That this House has considered historical discrimination in boxing.

It is pleasure to serve under your chairmanship, Mr Betts. I would like to take the Chamber through the story of a boxer from Merthyr Tydfil. For some people in my constituency of Merthyr Tydfil and Rhymney, Cuthbert Taylor is a local sporting legend. An amateur and then a professional boxer, he had over 500 bouts in a career lasting almost 20 years between 1928 and 1947, many in his native Merthyr Tydfil and across south Wales but also across the UK and Europe. He was knocked out only once in his entire career. During my research, I discovered that during his career he had bouts in the 1930s with two of my great uncles, Jack and Terrence Morgan of Trefil near Tredegar, who were from a family of boxers.

Cuthbert Taylor was once described as “the best in Europe”. In 1927, he won the flyweight championship title. He defended the title in 1928, when he also became British amateur flyweight champion. The same year, he represented Great Britain at the Amsterdam summer Olympics, reaching the quarter-final stage in the flyweight category.
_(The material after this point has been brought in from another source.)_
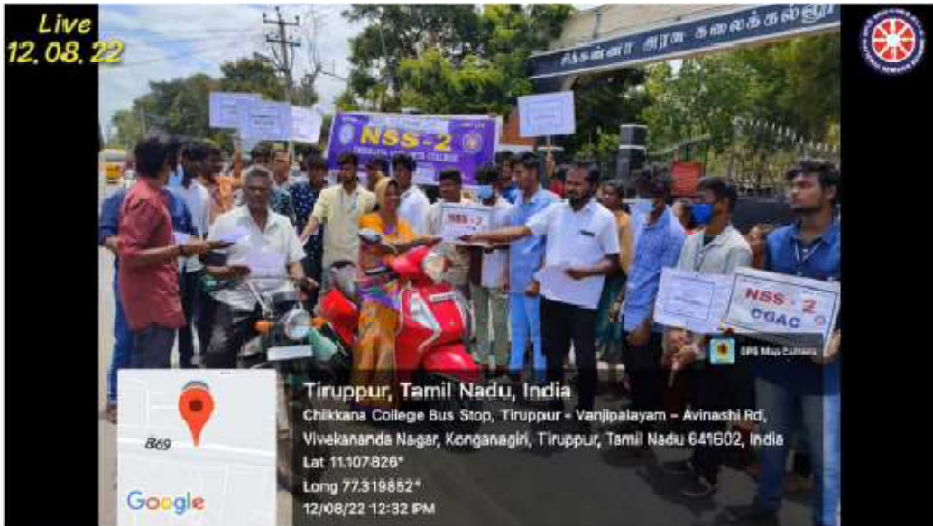
#WildElephant ஏன் யானை மனிதனை தாக்குகிறது | World Elephant Day | Chikkanna Govt Arts College

https://youtu.be/CgKwYGPXak8?si=7Emjs_qu4dzYKffK

He was the first black boxer to represent Britain at the Olympics. Although well known by some in his home town of Merthyr Tydfil and despite a very successful and exciting career, Cuthbert Taylor never got the same recognition on a national or international scale as other boxers. That was because of one simple thing: the colour of his skin.
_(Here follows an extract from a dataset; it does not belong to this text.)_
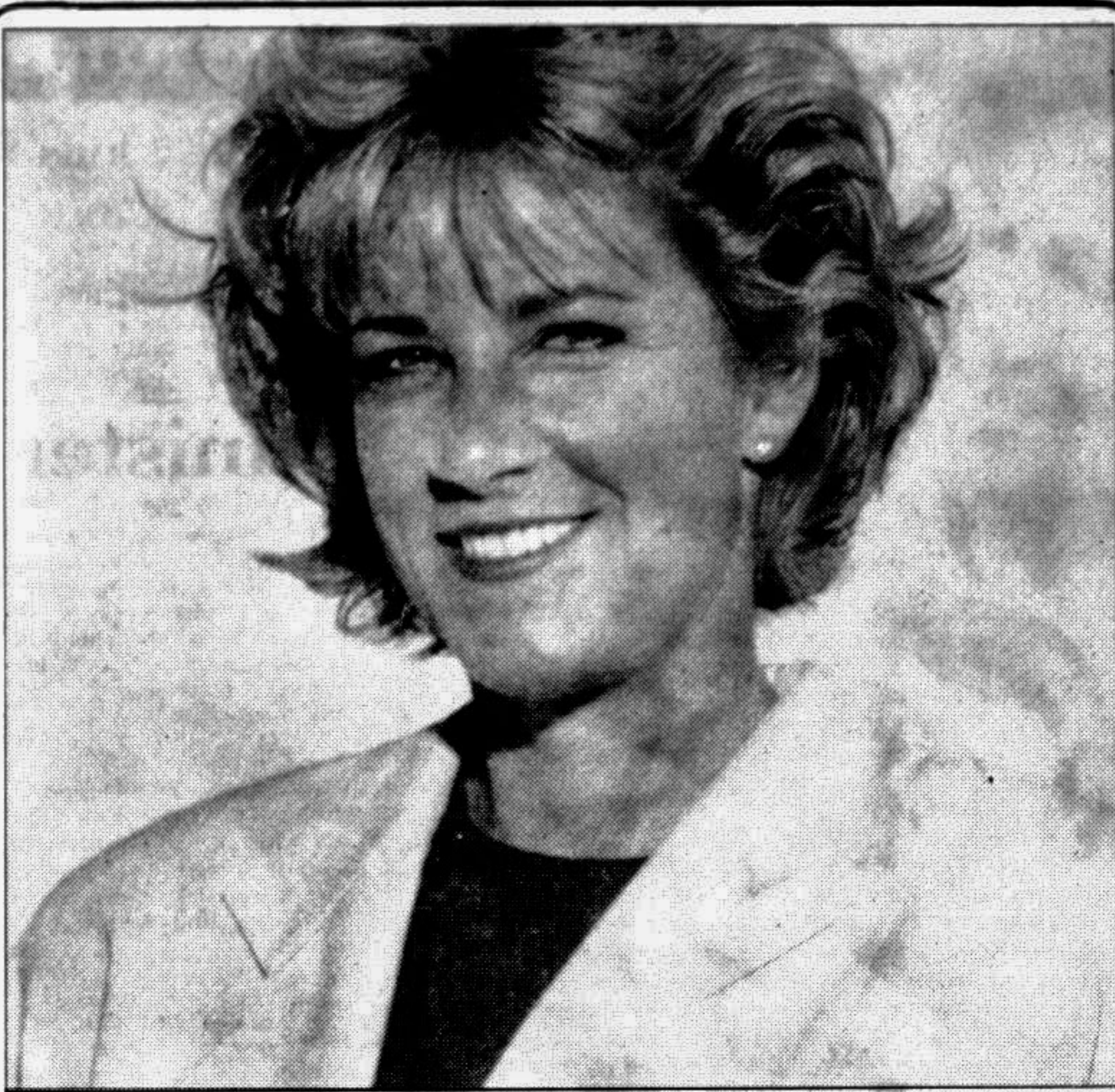
CHRIS EVERT ... joins elite club

SYDNEY, July 17: Incoming Australian Soccer Federation (ASF) chairman David Hill won an emphatic endorsement of his controversial rationalisation of the National Soccer League (NSL) at an extraordinary meeting of ASF stakeholders here Sunday, reports AFP.

Cuthbert Taylor was born in 1909 in Georgetown, Merthyr Tydfil, to parents of different ethnic backgrounds: his father, also named Cuthbert and formerly a notable amateur boxer in Liverpool, was of Caribbean descent, and his mother, Margaret, was white Welsh. Cuthbert Taylor was judged at the time to be

“not white enough to be British”

by the British Boxing Board of Control, and he was prevented from ever challenging for a British title or a world title professionally by the body’s colour bar rule, which was in place between 1911 and 1948 and which stated that fighters had to have two white parents in order to compete for professional titles. Due simply to the fact that his parents were of different ethnic backgrounds, Cuthbert Taylor would never have the recognition and success at professional level that his remarkable talent deserved. That was all because of a rule that left a stain on the history of one of our country’s most popular and traditional sports, one that has otherwise been known for bringing people from many different backgrounds and communities together.

Jim Shannon Portrait Jim Shannon (Strangford) (DUP)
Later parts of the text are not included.